Microsoft touts the new Resource Governor as one of the biggest enhancements in this release, and there's no question it will come in handy for shops that want to keep some processes from interfering with others. For example, one of the best fits for a resource governor would be on an OLTP system where you're forced to run reports against live OLTP data. You don't want the reports to get in the way of transactions, so you would push them to a group that caps their resources.

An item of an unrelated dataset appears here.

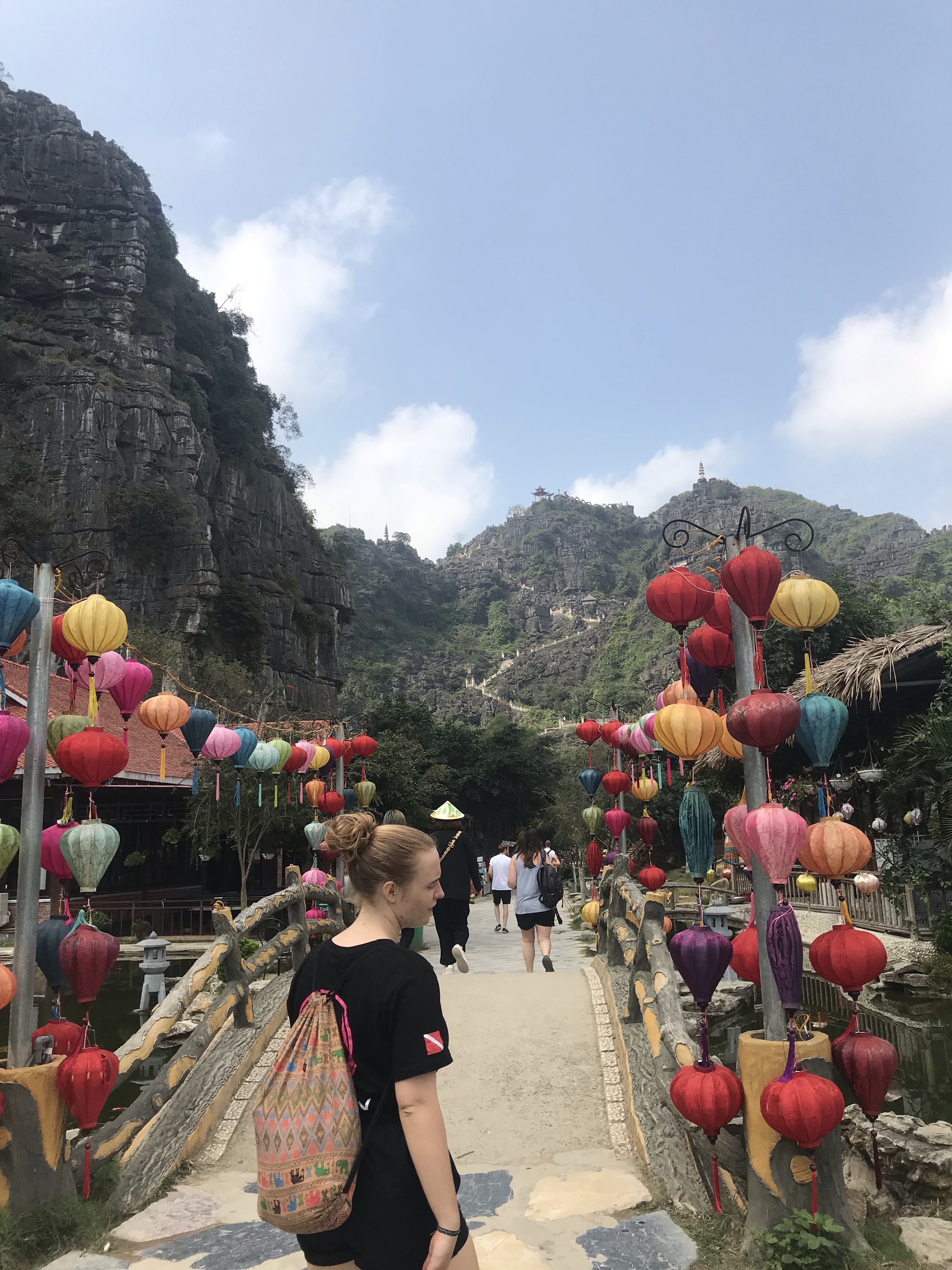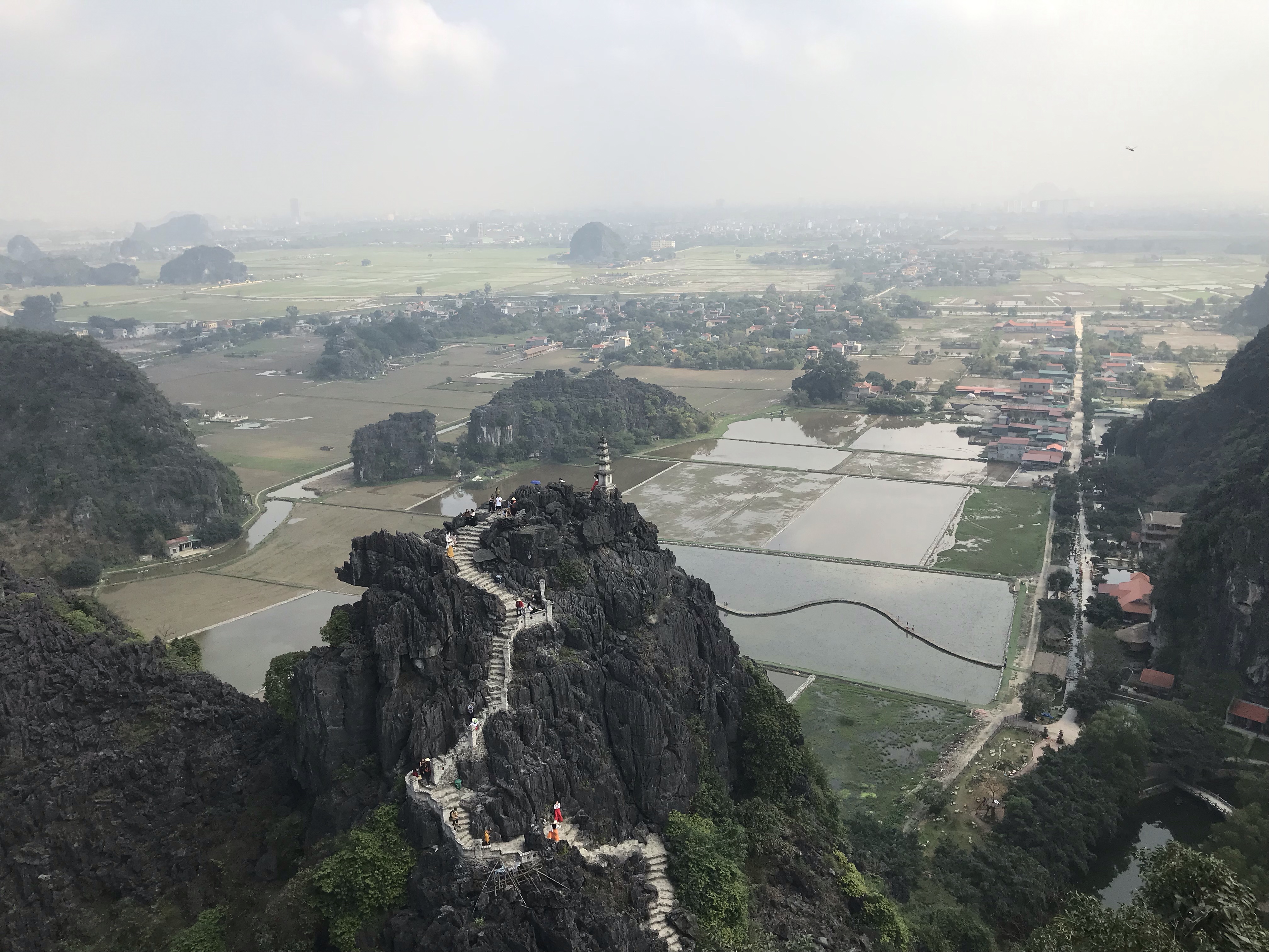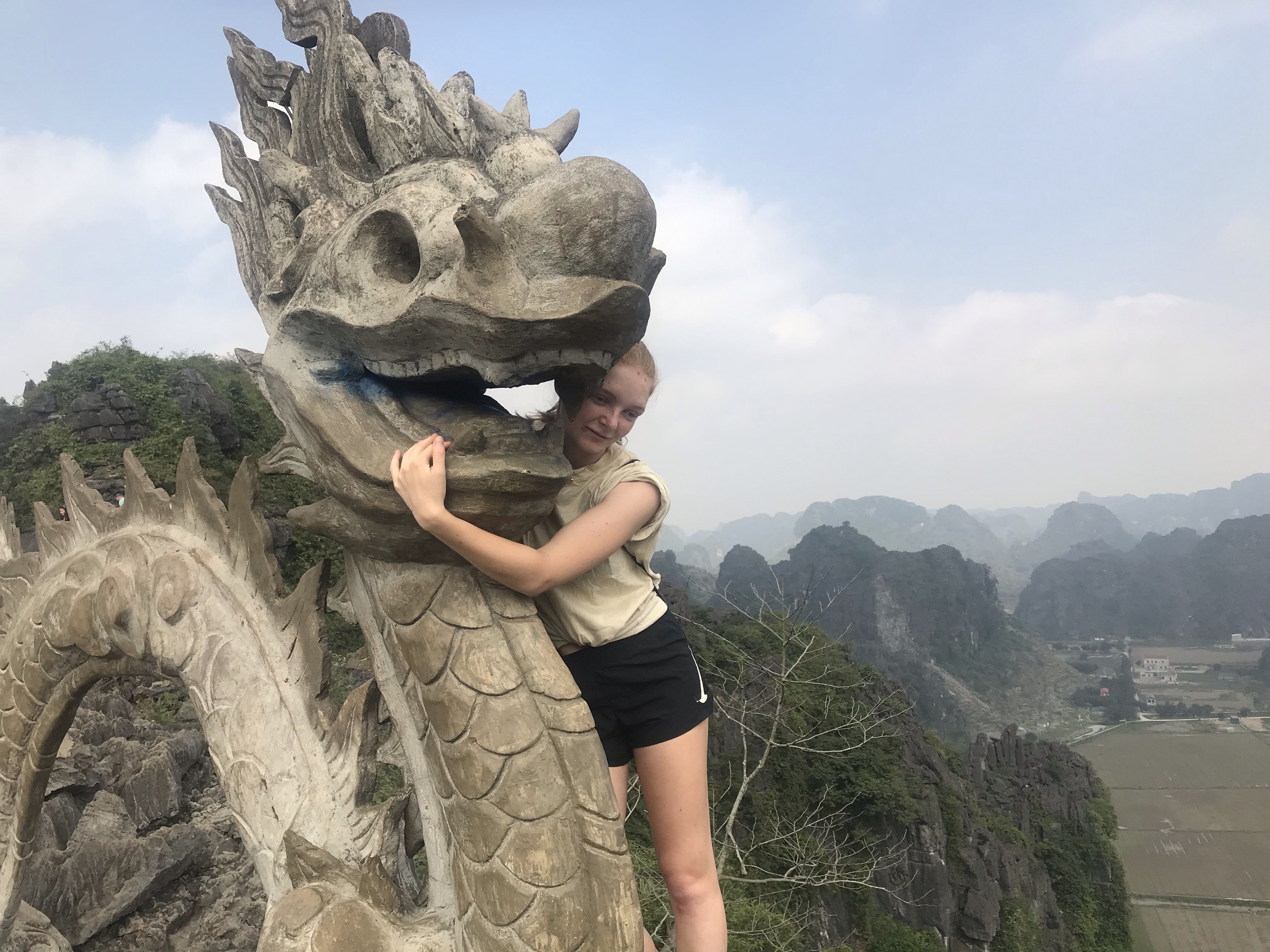 Dag 3, 24 februari = Ebbas födelsedag!! Vi startade dagen med skönsång och frukost på hostelet i vanlig ordning. Sedan hyrde vi cyklar och cyklade över risfält till Hang Mua. Man vandrar upp 500 trappsteg för att se en fantastisk utsikt och en berömd ormstaty. Även här var det många inhemska, fint uppklädda turister.

Still, this is Microsoft's first stab at granular resource management, and while it's a nice start, it's not going to be as immediately useful as many shops hope. First of all, you can specify only two resource measures to define a resource group: CPU and memory. You can specify min and max values for each one, but that's not nearly enough to define a rogue process on a busy system. Rogue processes take many forms, and capturing them requires additional metrics (number of I/Os, amount of time, etc.) beyond CPU and memory usage.

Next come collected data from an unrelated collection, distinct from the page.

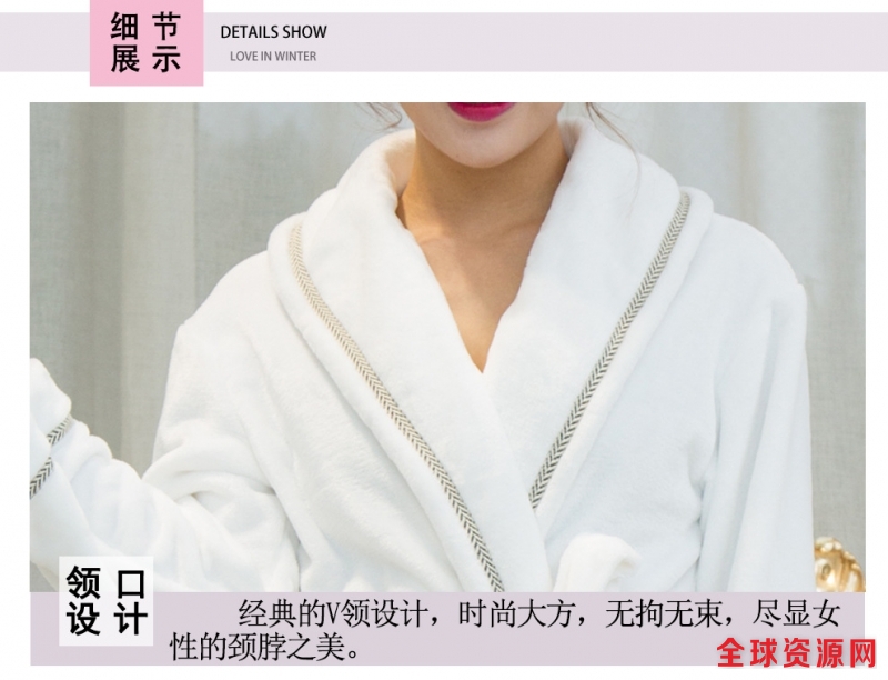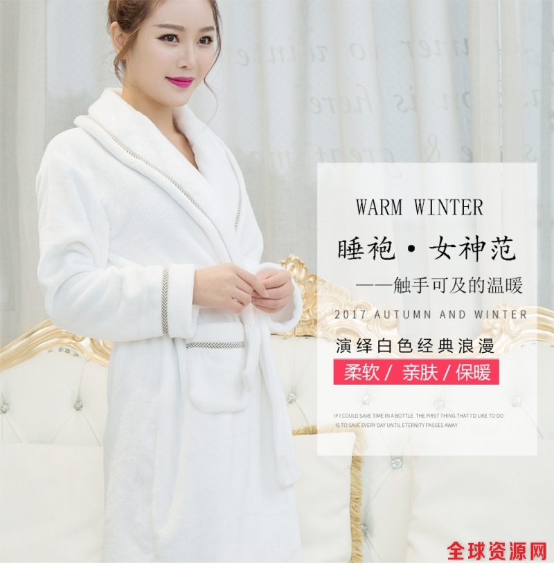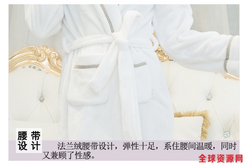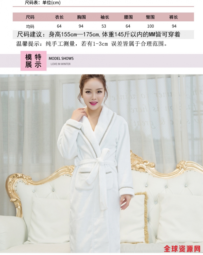 坡脚马 睡衣男女情侣冬季新品法兰绒长袖睡袍家居服浴袍 白色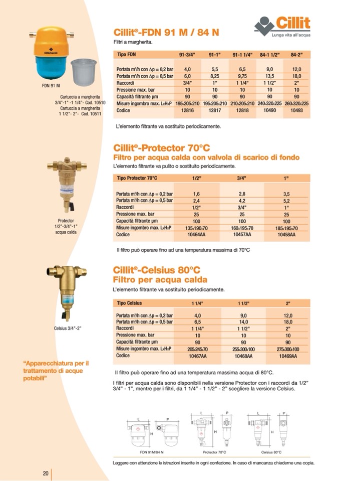 3/4” - 1”, mentre per i filtri, da 1 1/4” - 1 1/2” - 2” scegliere la versione Celsius.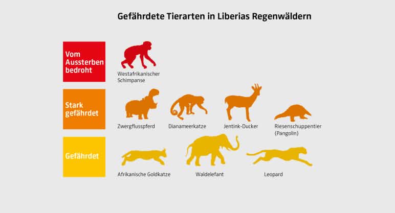 Ein wesentlicher Teil ihrer Arbeit findet zudem in den Dörfern statt. Dort sensibilisieren sie im Auftrag der Wild Chimpanzee Foundation (WCF) die Bewohner für die Schönheit und Zerbrechlichkeit der Regenwälder ringsum. Wie wichtig das ist, zeigt die Liste der bedrohten Tierarten, die im Grebo-Krahn Nationalpark leben: Schimpansen, Waldelefanten, Zwergflusspferde, Leoparden und viele andere. Obwohl Liberias Wälder zu den artenreichsten der Welt gehören, gibt es in dem Land lediglich drei Nationalparks. Der 2017 gegründete Grebo-Krahn ist der jüngste unter ihnen.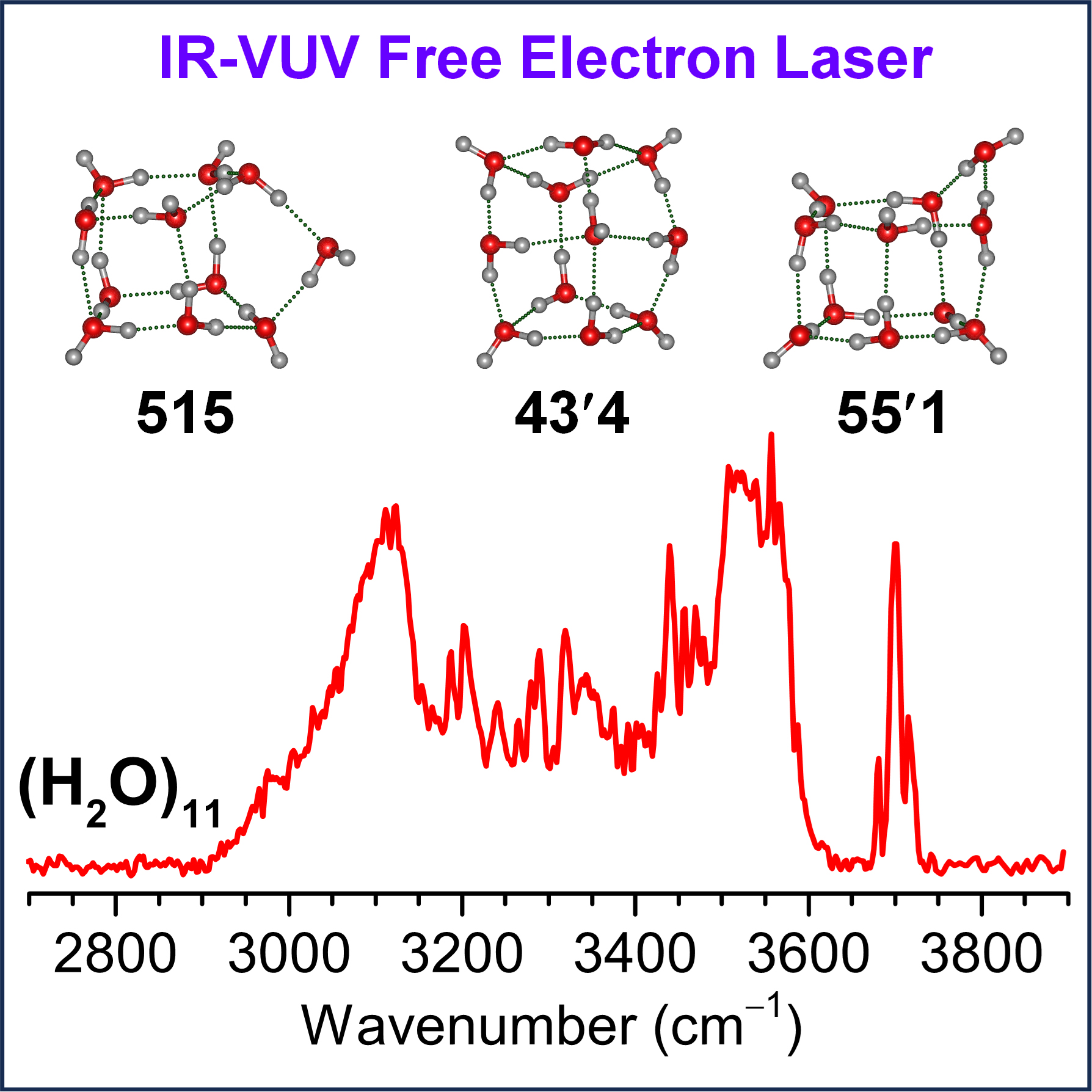 近日,大连化学物理研究所化学反应动力学全国重点实验室团簇光谱与动力学研究组(2506组)江凌研究员、李刚副研究员实验团队联合清华大学李隽院士理论团队,利用自主研制的基于大连相干光源的中性团簇红外光谱实验站,表征了水分子十一聚体团簇的三种结构模型(515、43′4和55′1),为理解水的复杂氢键网络结构演化机制提供了新的科学依据。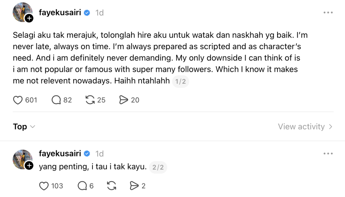 Pelakon Faye Kusairi dilihat memuat naik hantaran mempromosikan di media sosial Threads untuk mendapatkan tawaran berlakon dalam naskhah berkualiti.
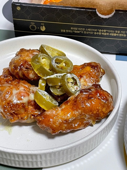 ✔️고추마요 치킨 내사랑 푸라닭 고추마요🤍 맛있는 거 먹고 싶은데 튀긴 치킨은 부담스러울 때 푸라닭을 시킵니다. 마요 소스라 조금 느끼할 수 있는데 할라피뇨 같이 먹으면 느끼함이 싸악- #쑥절미템

Further, once you define a process to be in a particular resource group, it stays there. Misbehaving queries cannot be moved dynamically to a different group, as you can do in Oracle Database. In order to assign a query to a different resource group, you would have to kill the process, assign it to the group, and then restart the Resource Governor. Something tells me you won't want to do that often on a really busy system.
Finally, you have to be careful with how you set up your groups. For example, if you have three groups and they all have a maximum 50 percent of the memory defined, then there's obviously going to be a problem. So there have to be rules that define how much everyone gets; you just have to be careful about how you define your groups and monitor them to make sure they're giving you what you want.
It's difficult not to compare Microsoft's Resource Governor with Oracle's. Oracle Database has had the feature longer, and it's certainly richer and more mature. But there's one advantage to Microsoft's you just can't ignore: It's included in the license, while Oracle's is a fairly expensive add-on.
Change Data Capture and nonlogged inserts
Change Data Capture (CDC) and nonlogged inserts are two nice enhancements to the SQL Server engine that will make a world of difference for some shops. These enhancements mainly revolve around warehouses, but can be useful on some OLTP systems as well. CDC will alter the way developers write ETL processes for warehouses. CDC employs the same log reader used by replication to write the specifics of DML (Data Manipulation Language) operations to a table instead of a distribution database. This allows warehouses to be very easily loaded from tables that only contain changed data -- no more having to modify legacy applications or ETL processes with update columns in all the tables to provide this functionality. And you can track with perfect precision the changes made to data in your tables without altering your schema or performing a messy and expensive query to filter out the differences.